Cam’s gaze met hers and that warm sensation bloomed deep and low in her belly again. His dark blue eyes were fringed with thick ink-black lashes she would have killed for. There was something about his intelligent eyes that always made her feel he saw more than he let on. ‘No,’ he said. ‘You?’
Violet coughed out a self-effacing laugh. ‘Don’t you start. I get enough of that from my family, not to mention my friends and flatmates.’
Cam gave her a wry smile. ‘I don’t know what’s wrong with the young men of London. You should’ve been snapped up long ago.’
A pin drop silence fell between them.
Violet looked at her coffee glass as if it were the most fascinating thing she had ever seen. The way her cheeks were going, the café’s chef would be coming out to cook the toast on her face to save on electricity. How had she got into this conversation? Awkward. Awkward. Awkward. How long was the canyon of silence going to last? Should she say something?
But what?
Her mind was blank.
She was hopeless at small talk. It was another reason she was terrible at parties. The idle conversation gene had skipped her. Her sisters and brother were the ones who could talk their way out of or into any situation. She was the wallflower of the family. All those years of being overshadowed by verbose older siblings and super articulate parents had made her conversationally challenged. She was used to standing back and letting others do the talking. Even her tendency to gabble like a fool around Cam had suddenly deserted her.
‘When’s your office party?’
Violet blinked and refocused her gaze on Cam’s. ‘Erm...tomorrow.’
‘Would you like me to come with you?’
Violet had trouble keeping her jaw off the table and her heart from skipping right out of her chest and landing in his lap. Best not think about his lap. ‘But why would you want to do that?’

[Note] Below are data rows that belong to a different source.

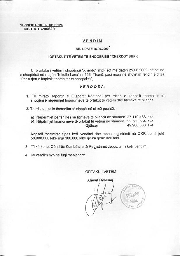 Vendim i Ortakut të Vetëm për Zmadhimin e Kapitalit datë 25.06.2009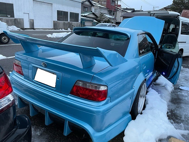 平成11年式 チェイサー ツアラーV AT→MT載せ替え5速公認で走行距離が19.2万kmです!!外装はクラウン特別仕様車の空色にオールペンされ、ORIGINのフロントバンパー、サイドステップ、リアバンパー、N-STYLEオーバーフェンダー、326POWER満力ウイング、SERADRIFT18インチアルミホイール装着しKTS車高調でローダウンされております。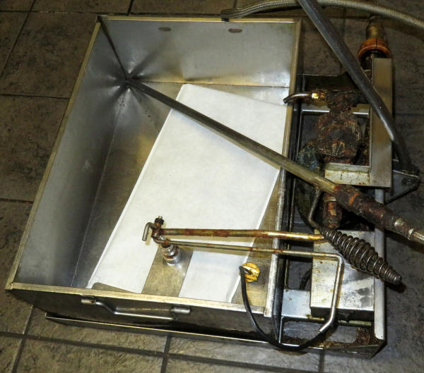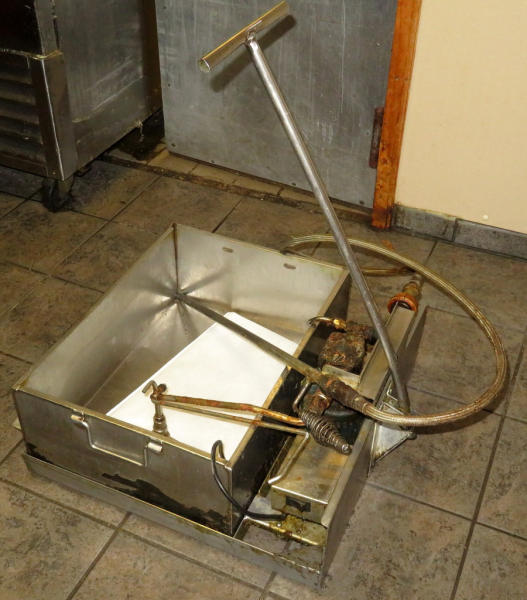 works good; stainless steel oil reservoir is 18"x24"x9"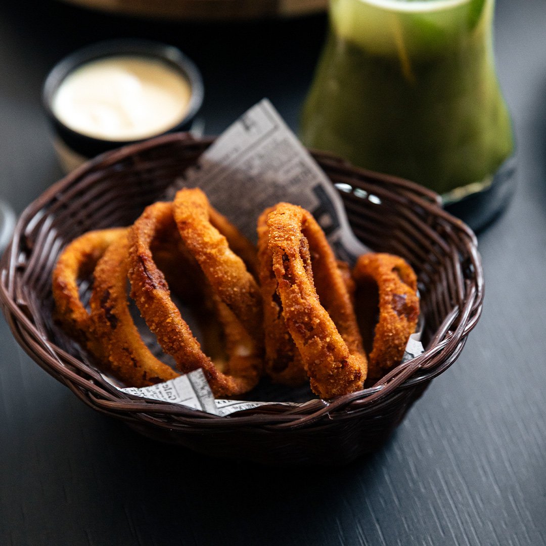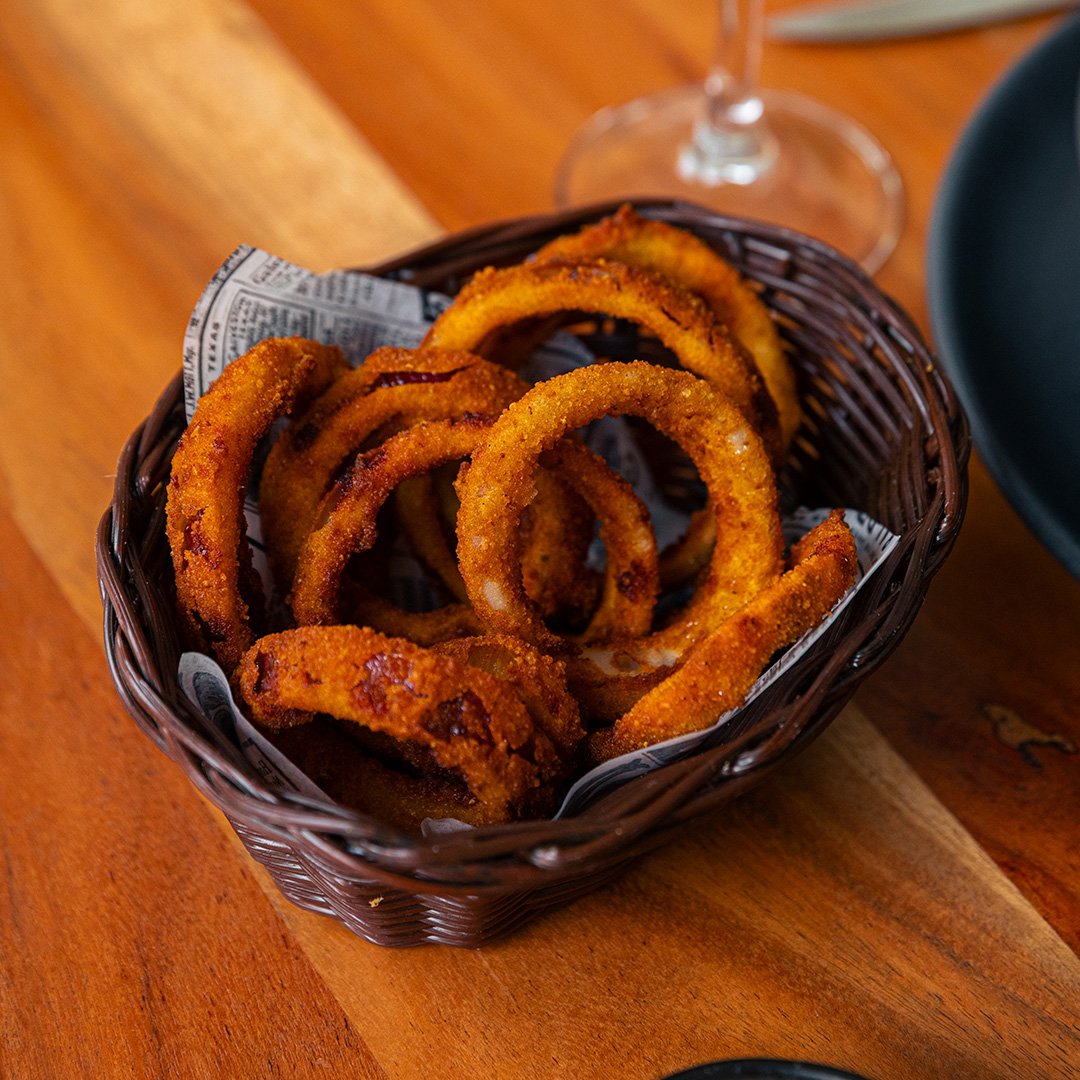 Onion bread, breaded mushroom strips, avocado spread, vegan cheese, caramelized onion, and arugula, served with sweet potato fries (vegan)

He gave a casual shrug of one broad shoulder. ‘I’m free tomorrow night. Thought it might help you mingle if you had a wingman, so to speak.’
Violet gave him a measured look. ‘Is this a pity date?’
‘It’s not a date, period.’ Something about his adamant tone rankled. ‘Just a friend helping out a friend.’
Violet had enough friends. It was a date she wanted. A proper date. Not with a man on a mercy mission. Did he think she was completely useless? A romance tragic who couldn’t find a prince to take her to the ball? She didn’t even want to go to the ball, thank you very much. The ball wasn’t that special. All those people drinking and eating too much and dancing till the wee hours to music so loud you couldn’t hear yourself shout, let alone think. ‘Thanks for the offer but I’ll be fine.’
Violet pushed her coffee glass to one side and picked up her book. But, before she could leave the table, Cam’s hand came down on her forearm. ‘I didn’t mean to upset you.’
‘I’m not upset.’ Violet knew her crisp tone belied her statement. Of course she was upset. Who wouldn’t be? He was rescuing her. What could be more insulting than a man asking you out because he felt sorry for you? Had Fraser said something to him? Had one of her sisters? Her parents? Her grandfather? Why couldn’t everyone mind their own business? All she got these days was pressure. Why aren’t you dating anyone? You’re too fussy. You’re almost thirty. It never ended.